The Yankee Rowe nuclear plant in Massachusetts was a forerunner in the industry pursuing extensions to the original 40-year operating license. But its run for a longer lifetime was derailed when Nuclear Regulatory Commission (NRC) engineers discovered that the plant might not meet current safety requirements. Unable to convince the NRC that the requirements were satisfied after a year of trying, the owner opted to permanently retire the plant after only 31 years of operation.

Yankee Rowe’s History

The Yankee Atomic Electric Company (YAEC) was formed on November 30, 1953, as a joint venture of ten utility companies in New England. On June 6, 1956, YAEC signed the first contract in the Atomic Energy Commission’s (AEC’s) Power Reactor Demonstration Program. This program sought to build and operate a variety of nuclear power reactors, with partial government financing, to advance the country’s nuclear power technology development. Construction began on February 28, 1958, and was completed on May 31, 1960. Electricity generated by the plant was first connected to the offsite power grid on November 10, 1960. YAEC placed the plant in commercial operation on July 1, 1961.

Yankee Rowe featured a four-loop pressurized water reactor (PWR) designed by Westinghouse. The core had a power limit of 485 megawatts thermal but was upgraded to 600 megawatts in 1963. For comparison, the Westinghouse AP-1000 pressurized water reactor under construction in Georgia has a power limit of 3,400 megawatts, nearly six times higher.

Yankee Rowe was shut down on October 1, 1991, due to the NRC’s concerns about the integrity of the reactor vessel. The company notified the NRC by letter dated February 27, 1992, that it had decided to permanently shut down the plant rather than continue the effort and expense of trying to resolve the NRC’s concerns.

Over its 31-year lifetime, Yankee Rowe operated at an average capacity of nearly 74 percent—nothing to write home about considering today’s 90-plus percent capacity factors but a good achievement for its era.

Reactor Vessel’s Role

The reactor vessel for Yankee Rowe was manufactured by Babcock & Wilcox at their factory in Barberton, Ohio. Figure 1 shows the reactor vessel after arriving at the plant before it was lifted into a vertical position and raised into the containment sphere. The containment sphere also houses the four reactor coolant system loops, with each loop consisting of a steam generator and reactor coolant pump.

Fig. 1 (Source: Periscope Film)

The defense-in-depth nuclear safety philosophy employs multiple layers. If one emergency diesel generator is needed to power safety equipment during an accident, then two or more are installed to increase the likelihood that one gets that job done. That approach is replicated across the array of core cooling systems, emergency ventilation systems, and so on.

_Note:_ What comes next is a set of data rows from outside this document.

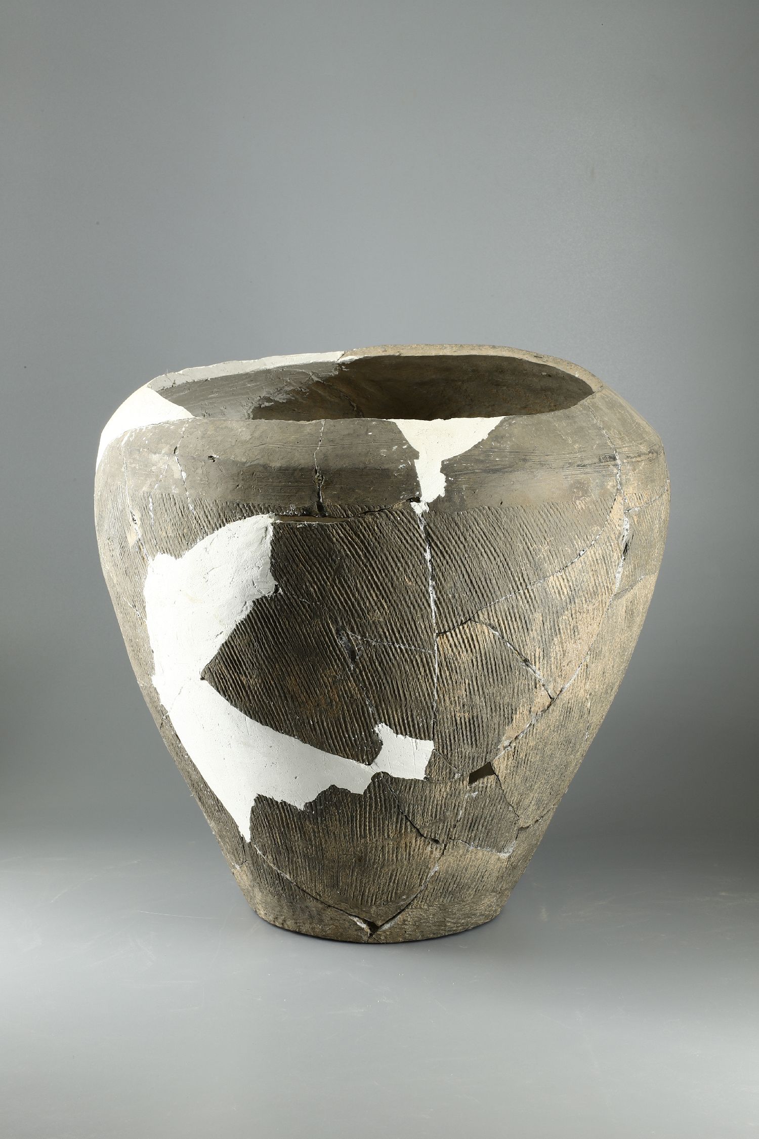 资料图为出土的折肩罐。(图片来源:中新社发/陕西省考古研究院供图)
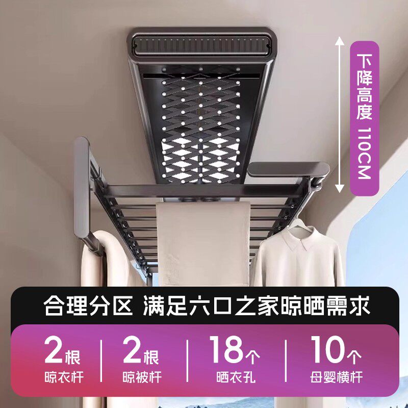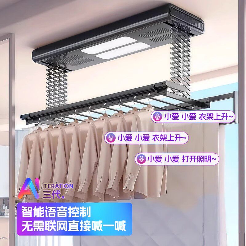 亿家好太太电动晾衣架遥控升降照明语音家用阳台烘干杀菌晒衣杆机
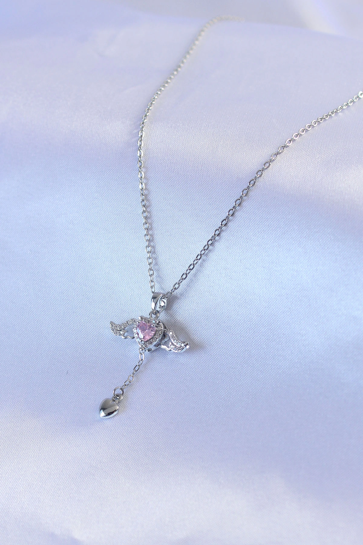 316L Çelik Gümüş Renk Kanatlı Kalp Figür Zirkon Taş Detay Kadın Kolye
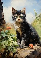 Schilderachtige afbeelding van een donkere kat omringd door planten.
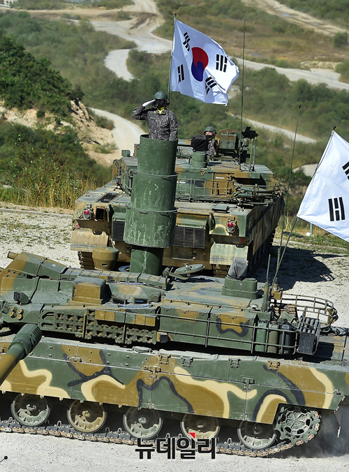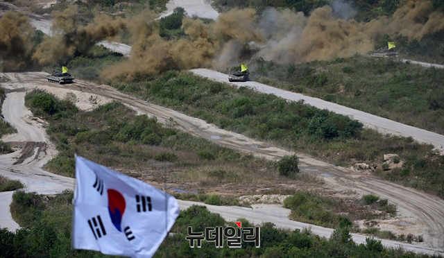 우리 육군이 20일 오후 경기 포천시 승진과학화훈련장에서 대규모 기동화력 훈련 현장을 공개했다.육군이 기동화력 시범을 재개한 것은 2018년 이후 4년 만이다. 유·무인 복합전투체계 아미타이거를 적용한 대규모 기동화력 시범을 선보인 것은 이번이 처음이다.박정환 육군참모총장 주관으로 열린 행사에는 해외 25개국 장성급 인사를 비롯한 국방 관료 및 방위산업 관계자, 주한대사, 국방무관, 국회 관계자, 일반 국민 등 1,800여 명이 참석했다.이번 훈련 공개는 21일부터 일산 킨텍스에서 열리는 '대한민국 방위산업전시회(DX KOREA 2022)' 사전 행사의 일환으로 진행됐다. 방위산업전시회는 21일부터 25일까지 일산 킨텍스 실내외 전시장에서 진행된다. (경기 포천=정상윤 기자)
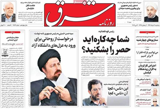 تصاویر/ صفحه اول روزنامههای ۹ خرداد ۹۶
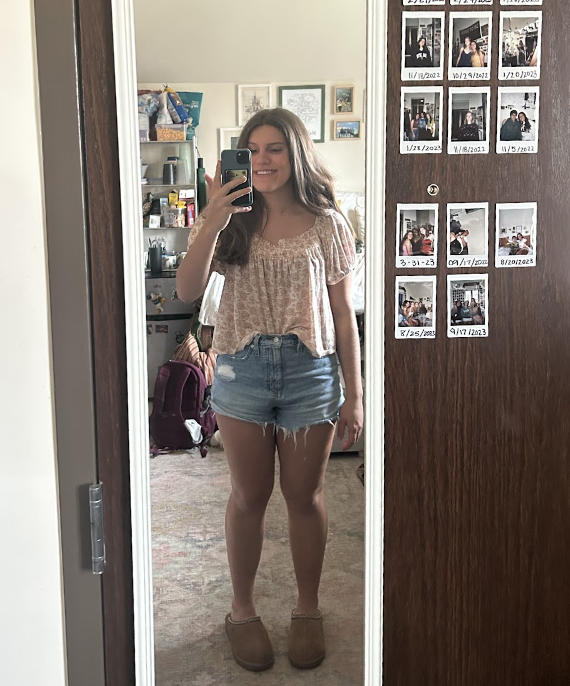 Review: This outfit served from head to shorts. I guess you could say I was not a fan of the chosen footwear. I thought the Uggs brought the sincerity of the fit down a little bit. Perhaps a pair of sneakers or sandals could have elevated this look more. I did, however, really like Lindy’s floral top in this outfit and its pairing with the light-wash shorts. It was a good color scheme for the end of summer and transition into fall. Unfortunately, the shirt did take some battle wounds over the course of the day. Do not fret, we will fix it and she will be able to hit the town in it again. If you haven’t noticed already, I will point out that these are the same jean shorts from the previous day. Lindy tells me it is good for your jeans to not wash them too often. I appreciate her concern for the fabric’s well-being and our dorm’s water bill. And she justifies the Uggs with the fact that she received a student discount on them. Overall, solid fit, 7.5/10.
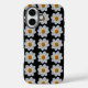 Protective and trendy phone case for the Apple iPhone and features the photo image of a simple, white Dahlia flower with yellow center on a black background and printed in a repeating pattern. A fun, floral design! Select case for your iPhone model. NOTE: When changing case styles, you may need to adjust image pattern position on case.
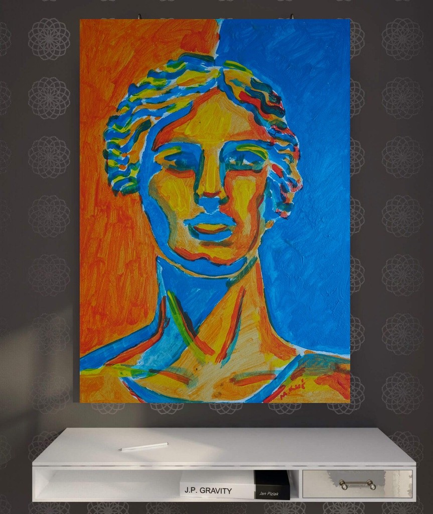 Jest to moja autorska kompozycja. Świetnie może być eksponowany w nowoczesnych wnętrzach o stonowanej kolorystyce. Swoimi barwami może rozjaśnić takie wnętrza, w oświetleniu dziennym, jak i sztucznym.
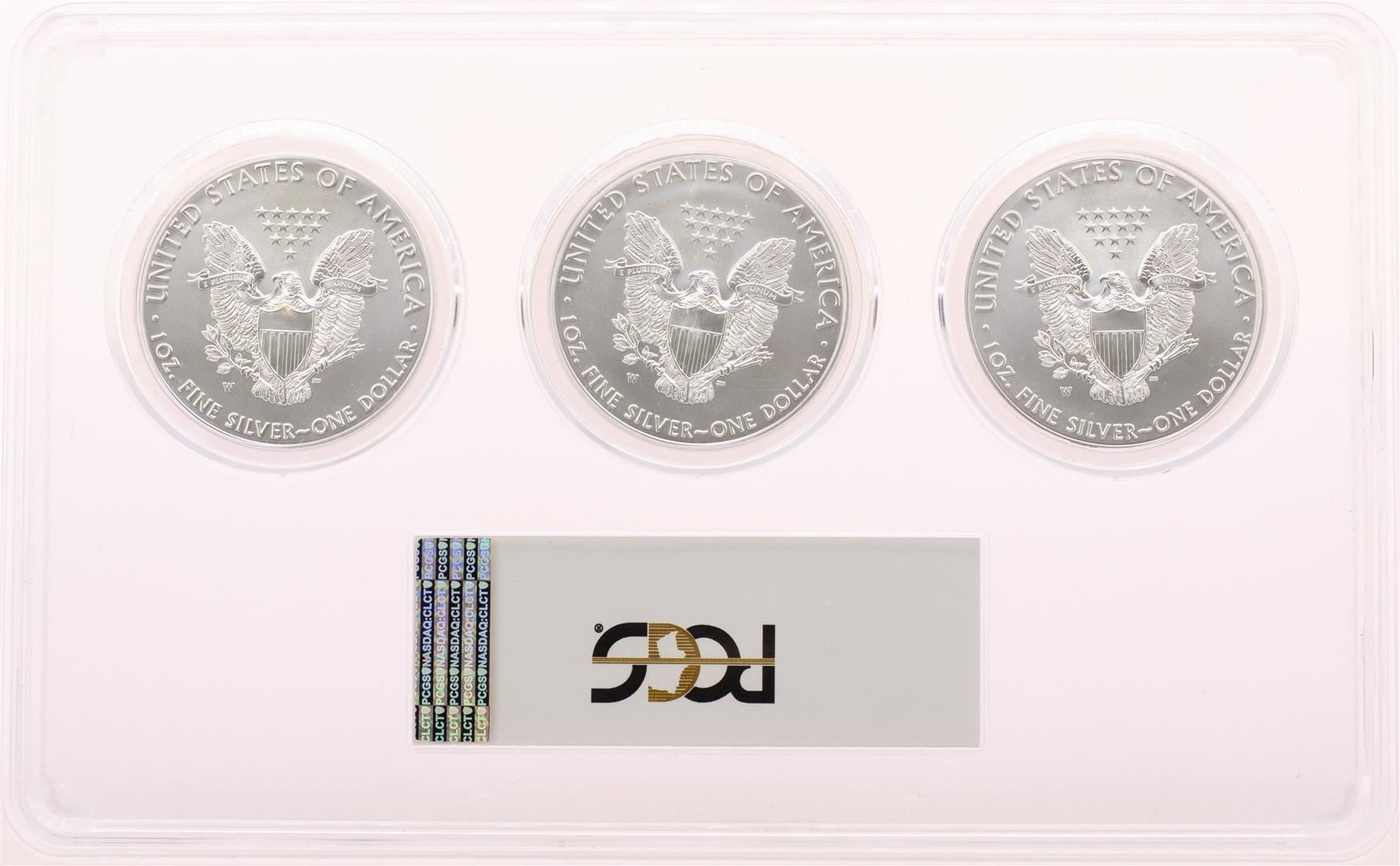 2017-W Burnished Silver Eagle Location Set PCGS SP70 First Strike Edmund Moy Signature
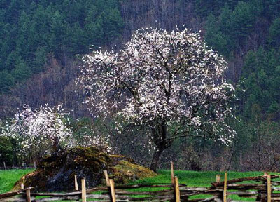 位于林芝縣的嘎拉桃花村,也是賞桃花的最佳地點。一排排盛開的桃花在臺階式綠色麥田的襯托下,整個山坡如同藏族婦女的圍裙耀眼奪目。游客來到這仙境般的桃花村,不僅可以領略到藏族姑娘的熱情好客,還可以體會到勞動的歡樂場面。
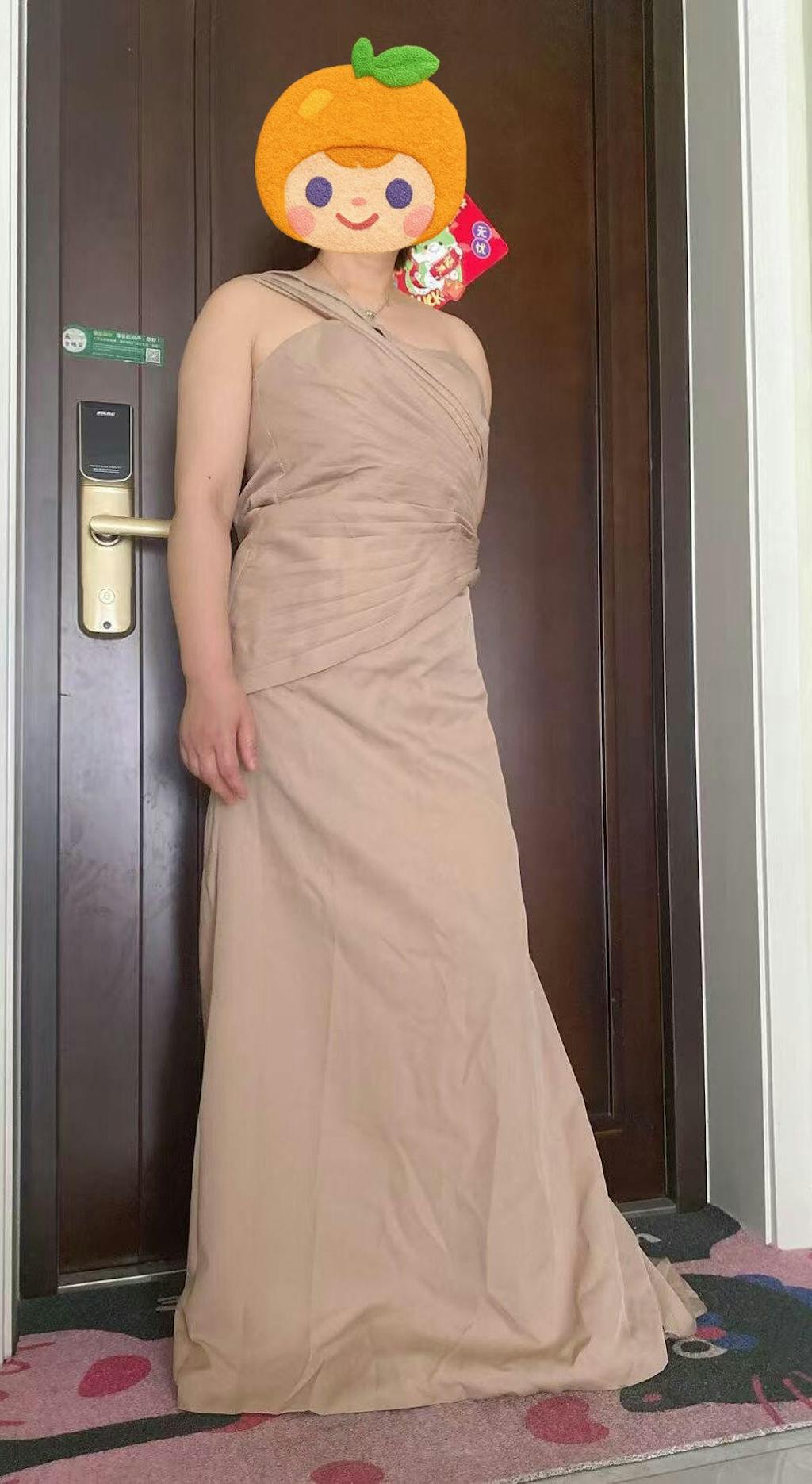 The sheath fit hugs in all the right places without feeling restrictive, and the one‑shoulder design adds a modern, chic edge. The light khaki is subtle yet unique for a polished look at any formal event.

The reactor vessel is one of the very few defense-in-depth exceptions. Failure of the reactor vessel could drain cooling water faster than the emergency pumps can supply makeup. The entire reactor core is loaded into a metal vessel whose failure has no backup and no assured mitigation. Why? The principle follows Andrew Carnegie’s advice: “Put all your eggs in one basket and then watch that basket.” The reactor vessel gets watched a lot. (Yes, Virginia, sometimes a watched pot does boil.)

Reactor Operating Licenses and License Renewal

The NRC published a notice in the Federal Register on November 6, 1986, soliciting comments about regulatory changes to enable nuclear plants to operate beyond their initial 40-year operating license periods. The NRC sought comments on the duration of extended operation as well as the criteria to be used in deciding whether extension requests should be granted.

In April 1989, the General Accounting Office (GAO) issued a report on license renewal. Congress tasked GAO to examine nuclear plant aging after a worn-out pipe ruptured at the Surry nuclear plant in Virginia and killed four workers. GAO reported that the NRC licensed reactors for operation up to 40 years, but neither the Atomic Energy Act or NRC’s regulations provided for an extension or renewal of the operating licenses. The Department of Energy (DOE) and the Electric Power Research Institute (EPRI) found interest among nuclear plant owners for possibly extending plant lifetimes, depending on what NRC required to obtain that authorization.

The Monticello nuclear plant in Minnesota and Yankee Rowe became the lead boiling water reactor (BWR) and PWR for the DOE, EPRI, and NRC to examine and define a license renewal process. The reactor operating license for Yankee Rowe was initially slated to expire on November 4, 1997. The NRC approved on June 8, 1988, an extension to July 9, 2000. (Because the NRC had not yet issued a regulation for renewing or extending reactor operating licenses, “extensions” of the operating license for Yankee Rowe and several other reactors really did not lengthen the 40-year term of the initial license. Instead, they redefined when the 40-year clock started. Sometimes, that clock started when the reactor vessel was set in place, even though it was several more years before construction was completed and the atom splitting started.)

The NRC pursued a rulemaking process that culminated in the issuance of the Nuclear Power Plant License Renewal final rule on December 13, 1991. While the NRC now had a license renewal rule, it no longer had the lead PWR pursuing license renewal. The owner had voluntarily shut down Yankee Rowe on October 1, 1991, after receiving word that the NRC staff would be recommending to its Commission that the reactor be shut down. The reactor never restarted.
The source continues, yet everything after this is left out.